United States ex rel. Bahnsen v. Boston Scientific Neuromodulation Corp., No. 11 CV 1210 (SDW) (MCA) (D.N.J.).: Two former employees of Boston Scientific Neuromodulation Corporation (BSNC) – one from its Customer Service Department and the other from its Billing and Collections Department – brought this action alleging that BSNC violated the federal and several state False Claims Act, including New York, California, Texas, and Virginia. The complaint alleges that BSNC submitted claims for medically unnecessary services that contained false diagnosis codes and falsely certified that its submissions complied with the law. The complaint, which includes 15 pages describing the alleged false claims, survived BSNC’s motion to dismiss. The court found that the “[r]elators have pled with adequate particularity their claims, including those regarding improper billing, adverse event reporting, off-label allegations, and kickback payments, as well as retaliation.”

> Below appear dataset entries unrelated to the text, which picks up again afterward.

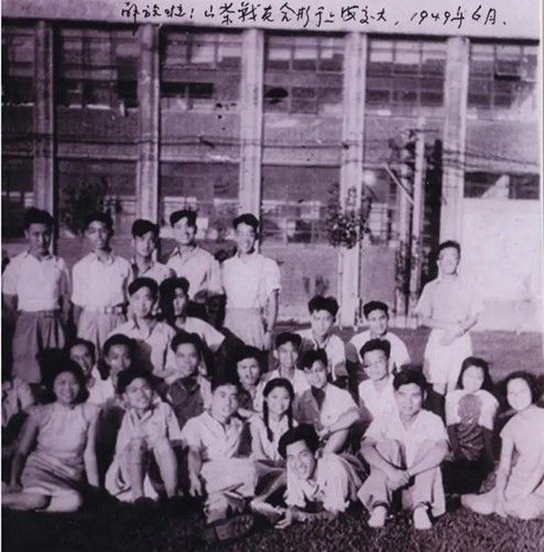 上海解放後,“山茶社”社員在上海交通大學校園合影,前排臥者為(wei) 黃旭華。新華社發
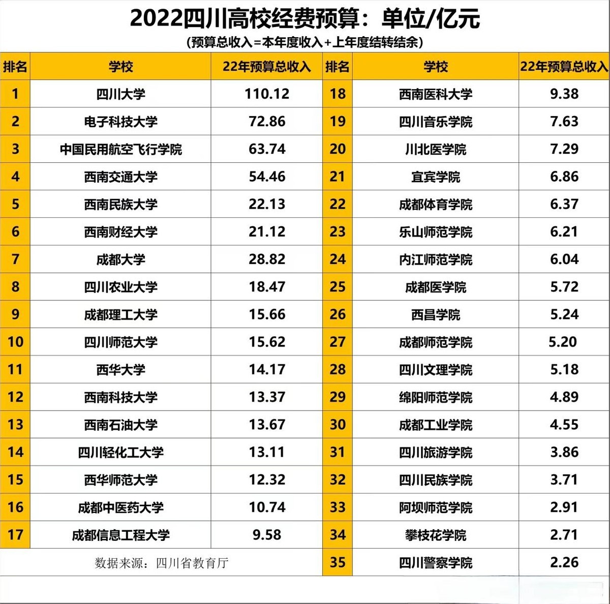 在2022年四川省高校预算汇总统计中,成都大学的经费总预算,竟达到了“令人恐怖”的28.82亿!
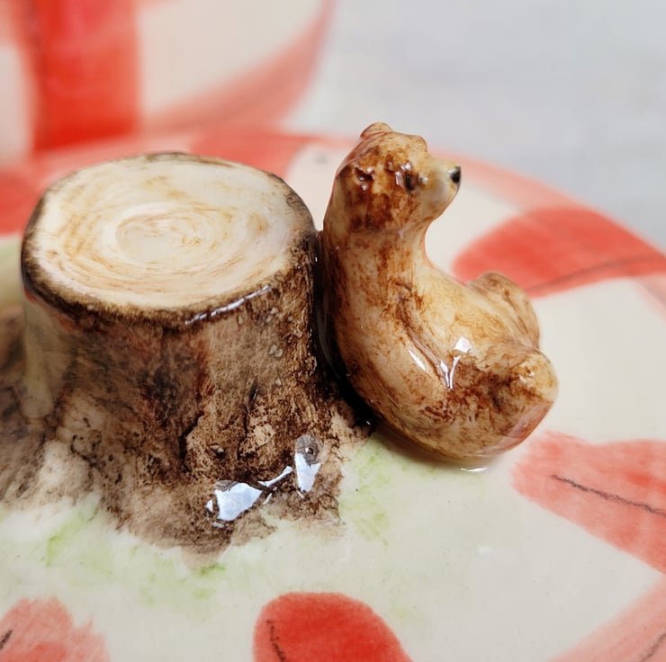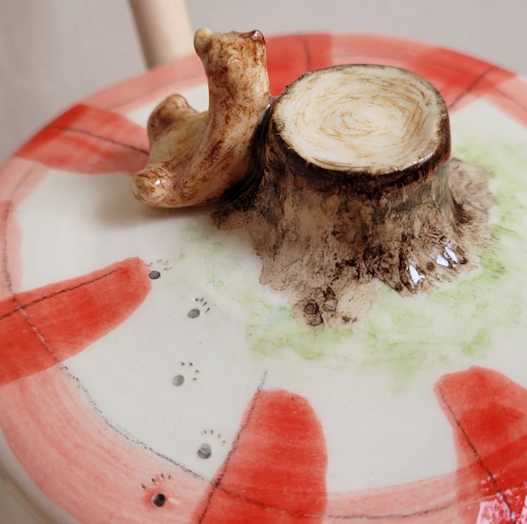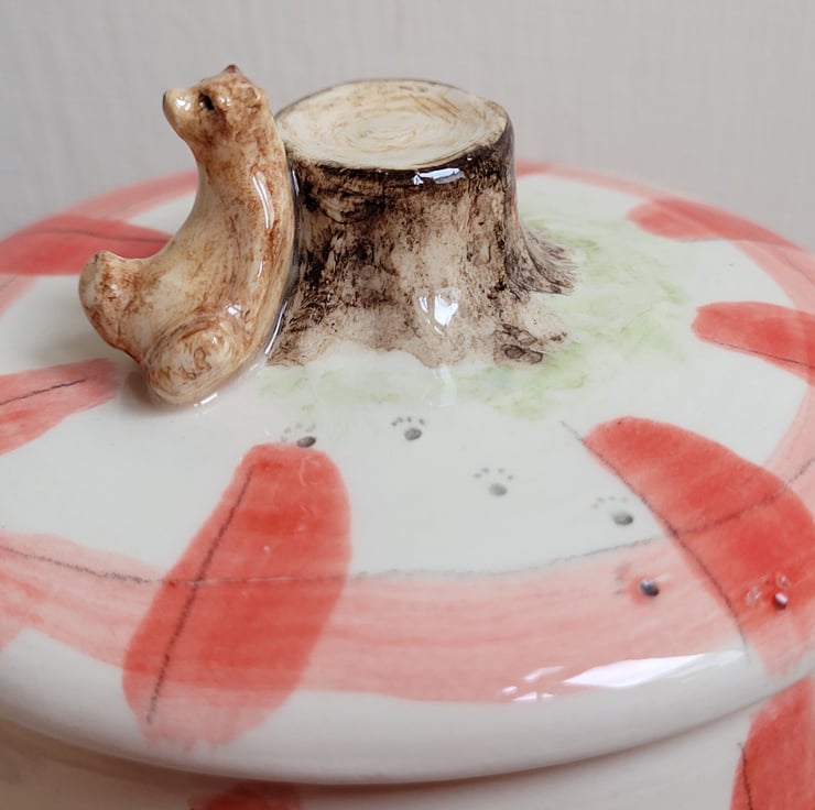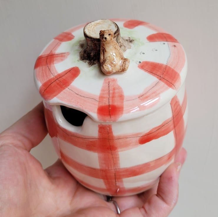 The pieces are hand thrown on my potter's wheel. A little handmodelled whimsical bear and tree stump are added, and tiny paw prints pushed into the clay. Once bisque fired the pieces are hand painted to incorporate a red gingham check and glazed before their final firing.

However, BSNC has asserted two counterclaims – one against each of the two relators – alleging that they breached their employment agreements, which required them to maintain the confidentiality of BSNC’s claims documents and to return them to BSNC upon termination of their employment. BSNC seeks dismissal of the action, money damages, and injunctive relief directing the relators to return BSNC’s claims documents and enjoining the relators from using the documents in the action. The relators moved to dismiss the counterclaims, arguing, in part, that “Defendant attempts to immunize itself from this damning and damaging evidence that Relators possess by virtue of their status as whistleblowers and which Relators have turned over to the federal and state Governments in compliance with the specific provisions of the FCA and state law counterparts. Compelling public policy reasons prohibit counterclaims of this nature.” The motion was fully submitted last month on September 11, 2013, and the court, two days later, scheduled a conference for October 23, 2013, thereafter adjourned to October 24, 2013.
BSNC’s counterclaims raise an interesting issue as to whether FCA whistleblowers are immune from laws that prohibit employees from taking confidential information from their employers. Notably, the New York FCA specifically provides that an employer may not retaliate against an employee for “lawful acts” done in furtherance of a NY FCA action, and defines “lawful acts” to include:
"obtaining or transmitting to the state, a local government, a qui tam plaintiff, or private counsel solely employed to investigate, potentially file, or file a cause of action under this article, documents, data, correspondence, electronic mail, or any other information, even though such act may violate a contract, employment term,or duty owed to the employer or contractor, so long as the possession and transmission of such documents are for the sole purpose of furthering efforts to stop one or more violations of this article.”
NY FCA § 191. Although the federal and other state FCAs protect employees from retaliation by their employees for engaging in activities in furtherance of FCA suits, the statutes do not define the protected conduct to include an employee’s taking of his employer’s confidential information.